Ville Lyytikäinen

Personal information
- Date of birth: 4 February 1967 (age 58)
- Place of birth: Helsinki, Finland
- Date of death: 19 December 2016

Managerial career
- Years: Team
- 1991–1997: HJK (youth)
- 1998: HPS
- 1999: FinnPa
- 2000–2002: Jokerit
- 2003–2004: Hämeenlinna
- 2005: Honka
- 2006: Futura
- 2007: Atlantis

= Ville Lyytikäinen =

Finnish football manager (born 1967)

Ville Lyytikäinen (4 February 1967 – 19 December 2016) was a Finnish football agent and football coach, born in Helsinki. His last work was head coach of Atlantis FC in Finland's second highest tier, Ykkönen.

In the past Lyytikäinen coached FC Jokerit, FC Hämeenlinna in top-tier Veikkausliiga and FC Honka in second-tier Ykkönen. In 2005, he was sacked from Honka after only a couple of matches and moved to the coach of FC Futura in Kolmonen, the 4th highest tier and stayed in that job to the end of the season 2006. In Atlantis Lyytikäinen started at the beginning of season 2007.

Later after his coaching career, Lyytikäinen worked as an agent, representing several Finnish players in many international transfers.

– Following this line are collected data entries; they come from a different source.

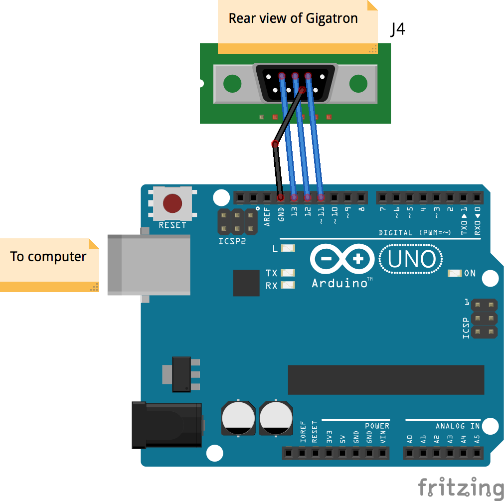 Although 8-bit assembly programs must be programmed in the EPROM, interpreted programs run from RAM. The built-in applications are of course stored in ROM also, but they are loaded into RAM first, so they use the ROM merely as a disk. Interpreted programs can also be loaded into RAM directly over the input port, and this is how you can program the Gigatron without using an EPROM eraser and programmer. For this I hook up the input port pins, that normally go to the game controller, to a simple Arduino. The Arduino can send data at the same rate as the horizontal sync. With some checksumming overhead, this boils down to exactly 28k8 payload bits per second. Much faster than loading C64 programs from tape back in the day… (3000 baud with speed loaders!)
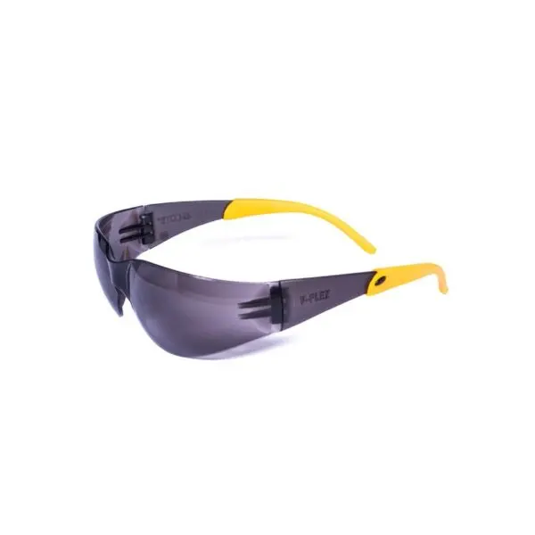 Descripción: Anteojos de seguridad con montura flexible y lentes amarillos oscuros de policarbonato. Ofrecen protección UV y resistencia a impactos, ideales para uso en exteriores y condiciones de luz intensa.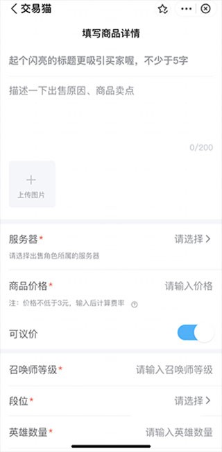3、填写详细信息。商品的图片、标题、出售原因、服务器、售价、基础参数、账号绑定、战力指数、游戏角色等级等细节都要填写。买家通过账号细节,快速掌握信息,从而轻松促成交易。交易猫为卖家提供曝光量,给买家提供咨询。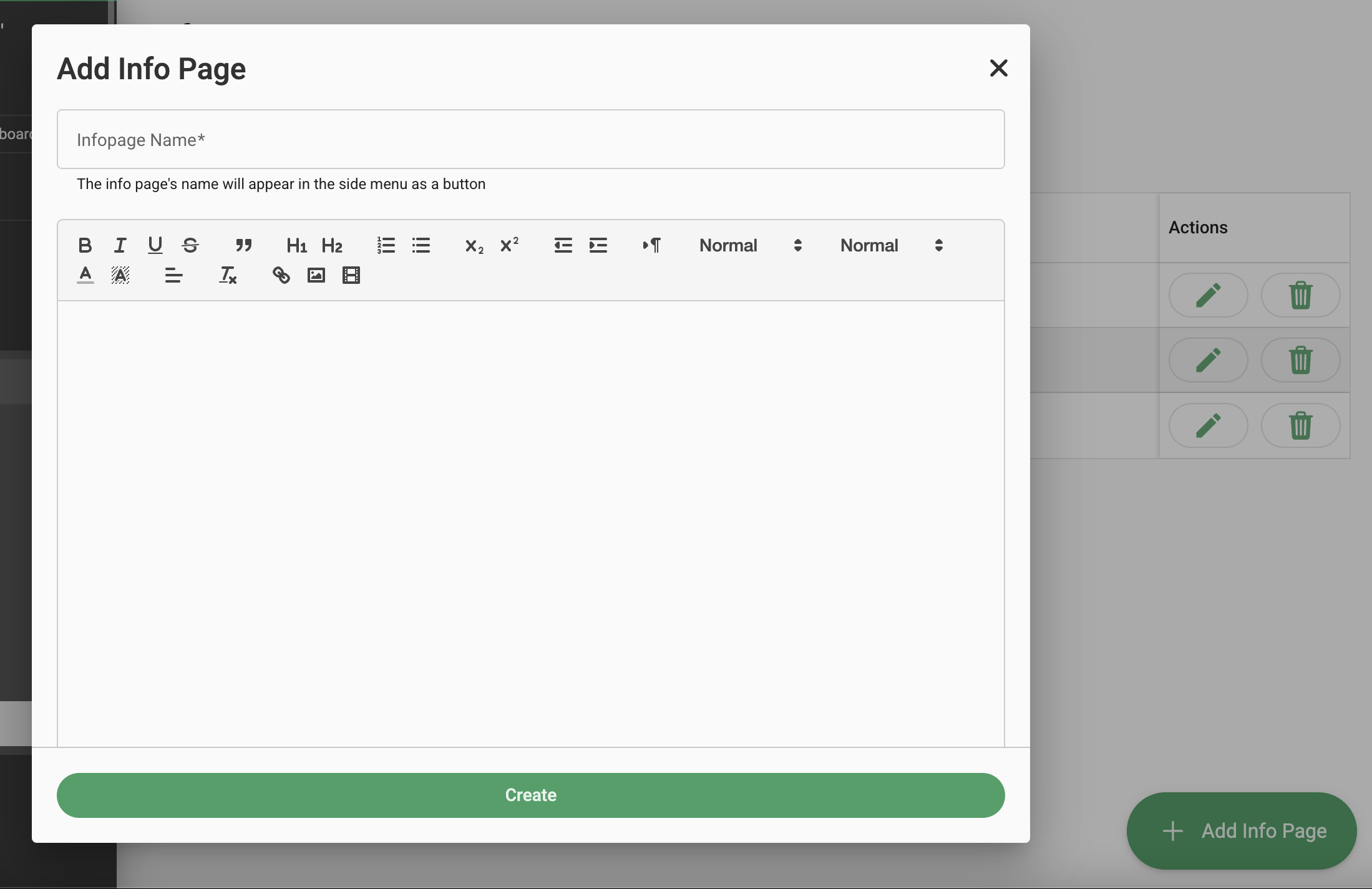 Click '+ Add Info Page' this will take you to create your info page, the layout for this will look similar to a word document, name your info page in the 'Name' field and this is how it will appear on the front end for your participants on the lefthand sidebar.

Lyytikäinen has also coached the football team of Pohjois-Haagan yhteiskoulu sports high school and was also known as the football commentator in Peliuutiset sports show in television channel YLE TV2. Before the career of football coach Lyytikäinen was a regular star in paint product television commercials. He has also starred in Vääpeli Körmy movies. Lyytikäinen died at the age of 49 in 2016.